The most important thing that I’ve learned is that you have to be open to trying different things and pivoting as necessary. Not everything that works for one brand is going to work for another. That has been essential to my business — to hone in on taking those pivots and trying something new. Annya White, NaturalAnnie Essentials
One little pivot led to a dramatic increase in sales the week we launched the masks. Given that we’re all going to be home a lot more over the next six months or so, it might be time to start thinking about other ways to pivot. I’m not sure what the future of small business will look like, but one thing I do know as a small business owner is that you have to keep your finger on the pulse and pay attention to your customer’s demands. Kalyn Johnson, Effie’s Paper
I think we’ll be a little bit more stringent on how we spend money and where every dollar goes. I think we’ll make sure that our curated collection is that much more curated so that we don’t have the sort of product that sits around. I think we’ll be a little bit leaner and meaner. John Frechette, MADE
Retail has changed forever — that much is clear to us. But waiting for retail to go back to “normal” is unrealistic. We truly believe that we offer a great experience in our stores — opening brick-and-mortar shops is our way to build deeper connections with customers and get feedback in real time, and candle buying is enhanced by an in-person experience. We just had to figure out how to make it work. Thomas Neuberger and Kristen Pumphrey, P.F. Candle
Embrace optimism, gratitude, and creativity
The Faire community remains optimistic about the future of local retail. Our brands and retailers told us time and time again this year how much they love what they do.

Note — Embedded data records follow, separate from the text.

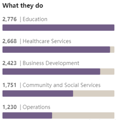 即使同学们不读研究生,不考虑做心理咨询师, 心理学专业也能在很多的行业发光发热 ,比如从事文员的工作,相关领域的研究,人力资源,儿童福利工作者等。同时根据数据显示,读心理学的同学,大部分都选择了从事教育,健康相关的工作。以下的图表显示的是韦仕敦大学心理学毕业生的从业的行业, 可以看到前五的行业有教育,健康科学,商业拓展,社区和社会,以及运营。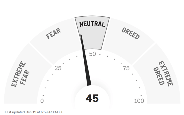 The Greed & Fear Index inched up from Fear to Neutral territory.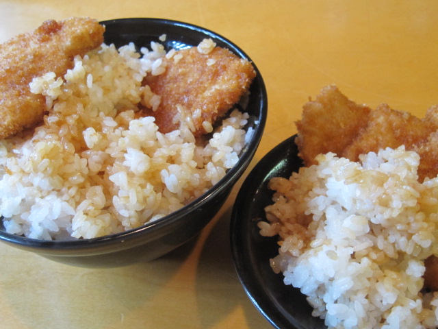 ごはん→カツ3枚→ごはん→カツ3枚、って言うデラックスなかつ丼。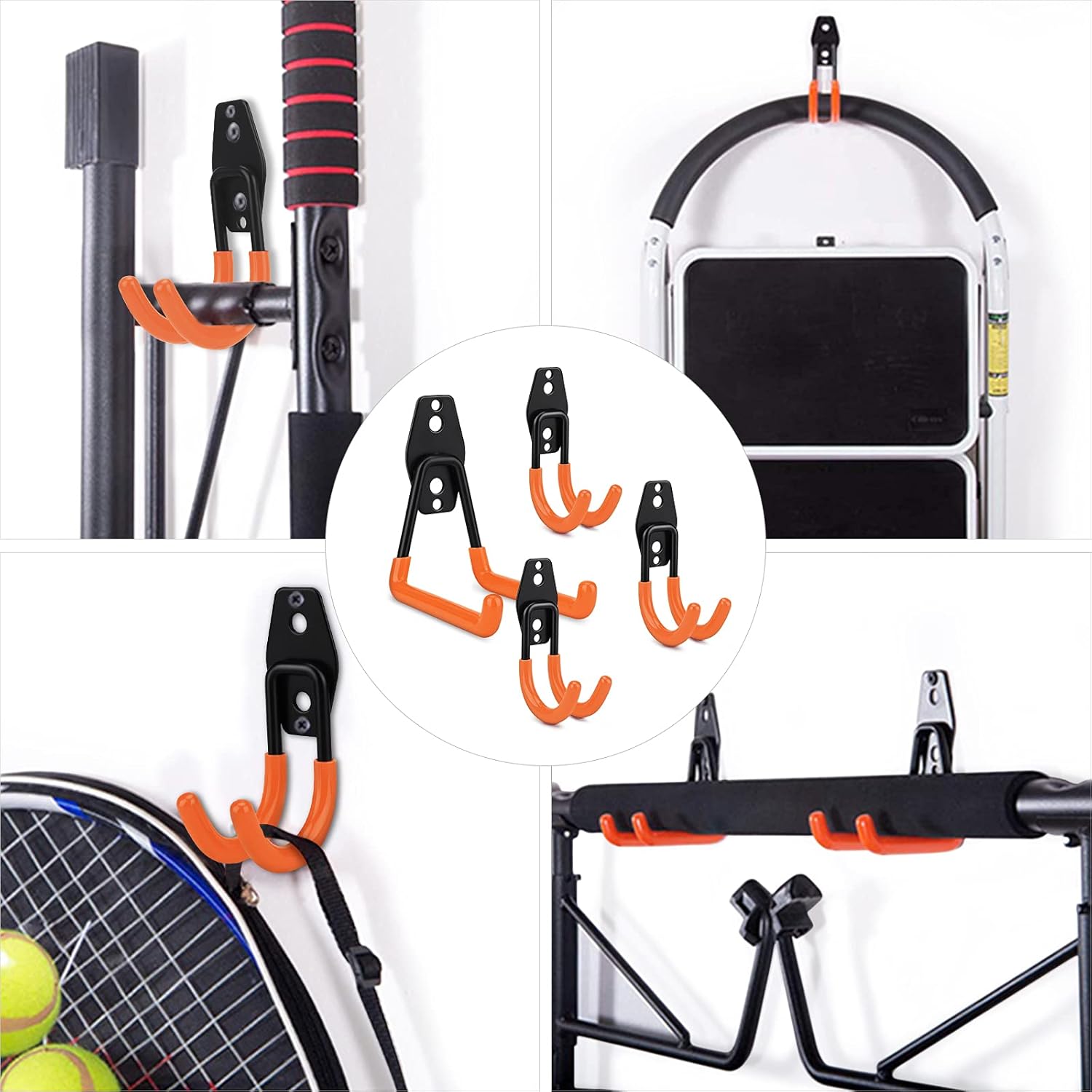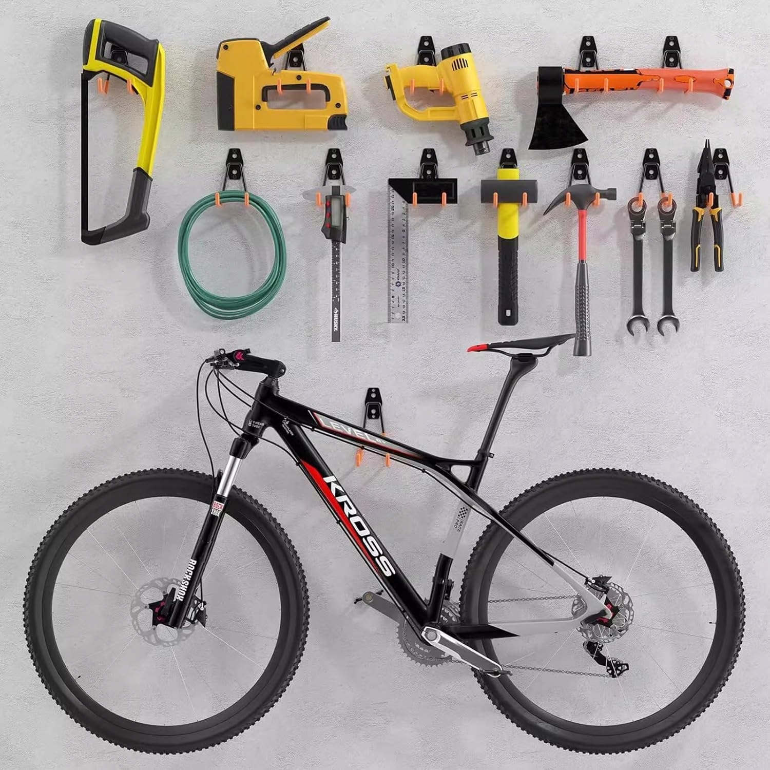 ➡️【Прочные гаражные крючки】Специальные универсальные крючки обеспечивают прочную стальную конструкцию для длительного использования. Эти двойные крючки выдерживают нагрузку до 35 кг, которая охватывает такие предметы, как лестницы, складные стулья, метлы, лопаты, велосипеды и другие предметы, нескользящее ПВХ-покрытие сохраняет предметы в целости и сохранности. Идеальные вешалки для инструментов, которые помогут вам более эффективно использовать вертикальное пространство для хранения, организовывать и находить то, что вам нужно.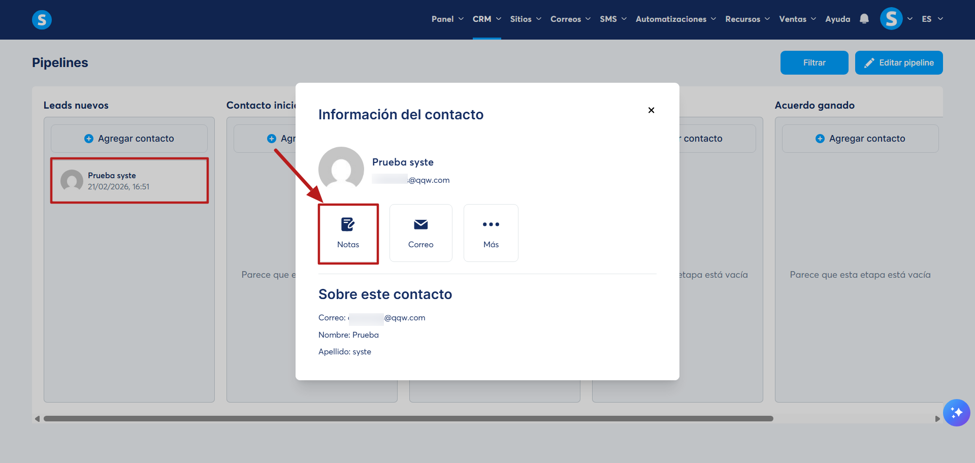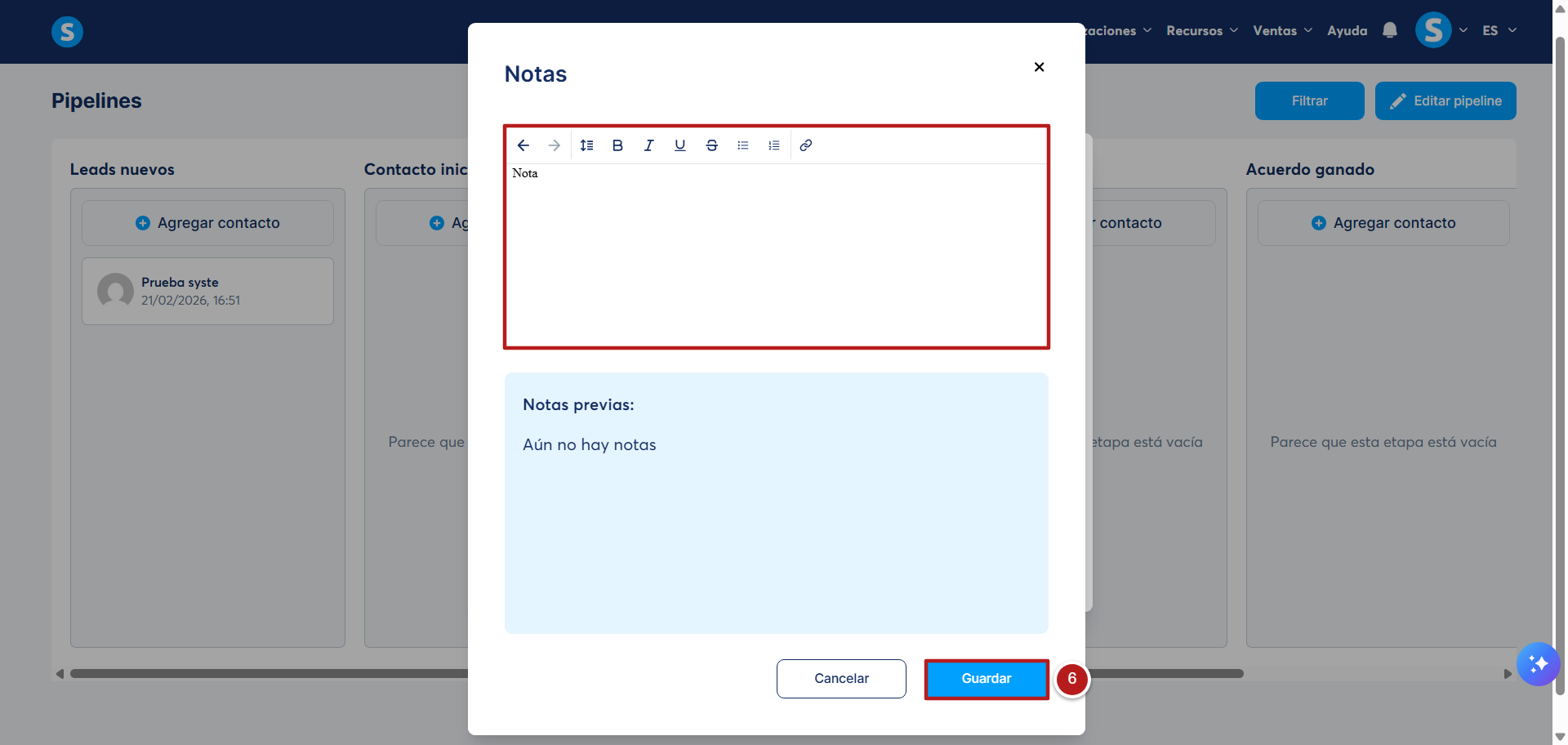 También puedes agregar notas al perfil de los contactos de tu pipeline, l o que te ayudará a registrar información importante para cada uno de los contactos del pipeline. Esto incluye detalles importantes, idea o el resumen de las llamadas que se hayan realizado, centralizando toda la información en un solo lugar para contar con una organización óptima.

There were a few times during [lock-down] when I realized how much I absolutely love what I do. Barbara Mooney, Daisy’s Mercantile
I think this is a really interesting time for makers and also retailers to think about why we all wanted to do this in the first place… For me, [I’ve] been enjoying the extra time I have with my son and extra moments of drawing or introspection. We’ve all lived through recession and we have always bounced back. There’s always been an immense amount of creativity that has come about after, so I have faith in that. Cat Seto, Ferme à Papier
I am of the mindset that there’s a huge set of the population that loves the experience of retail shopping — the thrill of walking through a store and discovering something new. So I am optimistic that there’s always going to be a space for local retail. Mat Pond, Epicurean Trader
This year has been a major learning experience with our small business. We’ve learned to remain flexible; we’ve learned to lead with our values first; and, above all, we’ve learned that people will continue to shop small because of the personal experience we offer. Your customers are shopping at your store because of you. Thomas Neuberger and Kristen Pumphrey, P.F. Candle
I love my job so much and I love my staff and I love our customers. I’ve had my ups and downs these last [months] but I have had more moments of crying happy tears than I have from any kind of meltdown. That really speaks volumes. People understand the importance of buying local now more than ever. Kelly Marie Thompson, Fleur Inc.